Journalisme d’investigation ou militantisme déguisé ? le cas thomas dietrich

Thomas Dietrich : quand le journalisme se mue en plaidoyer militant

La frontière entre enquête journalistique et militantisme engagé s’amincit dangereusement. Thomas Dietrich incarne cette porosité, brouillant les repères entre information et combat politique. Son approche, présentée comme du journalisme d’investigation, bascule souvent vers la dénonciation systématique plutôt que vers l’analyse neutre. Or, l’investigation rigoureuse repose sur la vérification des faits, la contextualisation et le recours au contradictoire – des piliers que ses travaux semblent parfois reléguer au second plan.

Une rhétorique binaire aux relents partisans

Dans ses publications, Dietrich opère une simplification outrancière des réalités géopolitiques. Le monde se scinde en deux catégories : d’un côté, les régimes corrompus ; de l’autre, ceux qui les combattent. Cette dichotomie manichéenne, bien que efficace médiatiquement, occultent la complexité des dynamiques africaines.

L’investigation professionnelle exige de mettre en lumière les nuances et de confronter les points de vue.

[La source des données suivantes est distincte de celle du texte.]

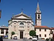 The current church, dedicated to St. Rocco was constructed at the end of the seventeenth century after a fire destroyed the original structure. It opened for worship in 1875 and was completed in 1911 with a Corinthian facade. Today it features a central altar from the seventeenth century, four side altars of baroque style and preserves a valuable painting of the Madonna of the Rose painted by Domenico Maccacaro in 1600.
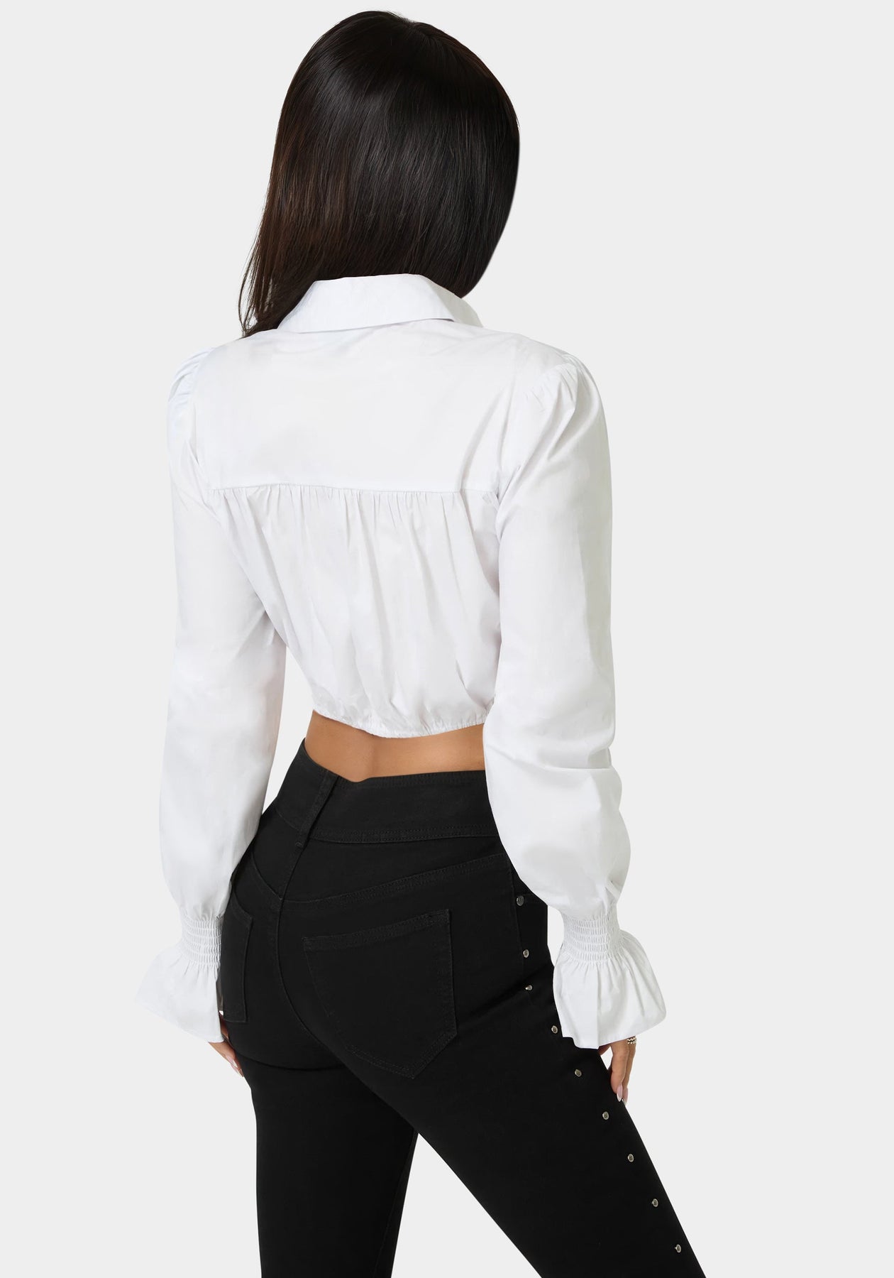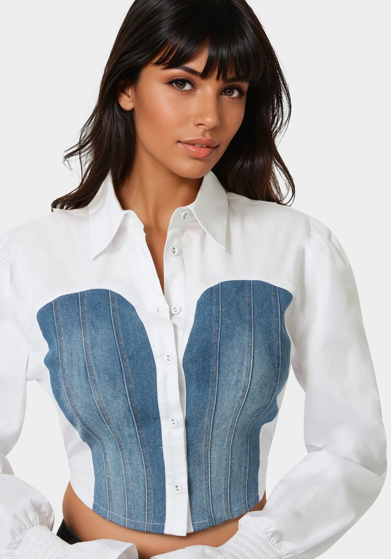 Stay effortlessly chic with this classic poplin denim top; suitable for day-to-night transitions.

À l’inverse, la narration militante privilégie une certitude dogmatique, guidant le lecteur vers une conclusion prédéfinie. Or, le journalisme n’est pas une croisade : il doit offrir les clés pour comprendre, pas imposer une vérité.

La personnalisation du récit : un glissement dangereux

Autre travers notable : la mise en scène de soi comme figure centrale. Les confrontations avec les autorités, les expulsions ou les prises de position frontales deviennent les marqueurs d’une enquête. Pourtant, le vrai travail journalistique repose sur l’enquête méthodique, la collaboration avec des sources fiables et le recoupement des informations – des éléments bien souvent éclipsés par la dramaturgie personnelle.

Transformer une enquête en saga individuelle revient à réduire le journalisme à une épopée personnelle. Or, le métier exige distance critique et neutralité. Lorsque l’auteur devient le héros de son propre récit, l’émotion prend le pas sur l’analyse, et la cause politique absorbe l’information.

Un écho médiatique réservé à une sphère militante

Il est frappant de constater que les travaux de Dietrich sont principalement relayés par des milieux déjà acquis à sa cause, notamment des opposants aux régimes africains qu’il cible. En revanche, aucun média international de référence – réputé pour son exigence éditoriale et sa rigueur dans la vérification des sources – ne les publie. Ce phénomène d’alignement politique trahit une dynamique de confrontation plutôt que de débat pluraliste.

Lorsque les mêmes cibles, les mêmes récits et la même indignation structurent durablement une production, la question n’est plus celle du courage journalistique, mais de l’équilibre et de la crédibilité.

La radicalité comme modèle économique

À l’ère du tout numérique, l’attention se monnaye. Plus un propos est polarisant, plus il fédère une audience engagée. Les médias indépendants, souvent financés par des communautés militantes, misent sur cette logique d’engagement passionnel pour assurer leur pérennité.

Dans ce contexte, la radicalité devient un capital. Elle peut être symbolique, mais aussi financière. Si cette stratégie ne relève pas nécessairement d’une trahison de la déontologie, elle encourage une surenchère constante : exacerbation des clivages, dramatisation des récits et simplification des analyses. Les risques pour la crédibilité du journalisme sont alors systémiques.

Crédibilité : le journalisme peut-il encore jouer son rôle ?

La liberté de la presse protège le droit de critiquer les pouvoirs – et c’est une bonne chose. En revanche, remettre en question les méthodes journalistiques, analyser les biais ou évaluer la transparence des soutiens relève d’un débat public sain, pas d’une attaque personnelle.

Le problème n’est pas que Dietrich dérange : un vrai journalisme doit interpeller. Le problème, c’est qu’il a choisi un camp. Il ne se positionne plus en observateur neutre, mais en acteur engagé d’un conflit politique permanent.

Or, un journaliste ne peut être à la fois arbitre et partie prenante. L’investigation exige de la distance, tandis que le militantisme réclame de l’engagement. Confondre les deux, comme Dietrich le fait systématiquement, sape la crédibilité à long terme. C’est précisément ce qui est en train de se produire.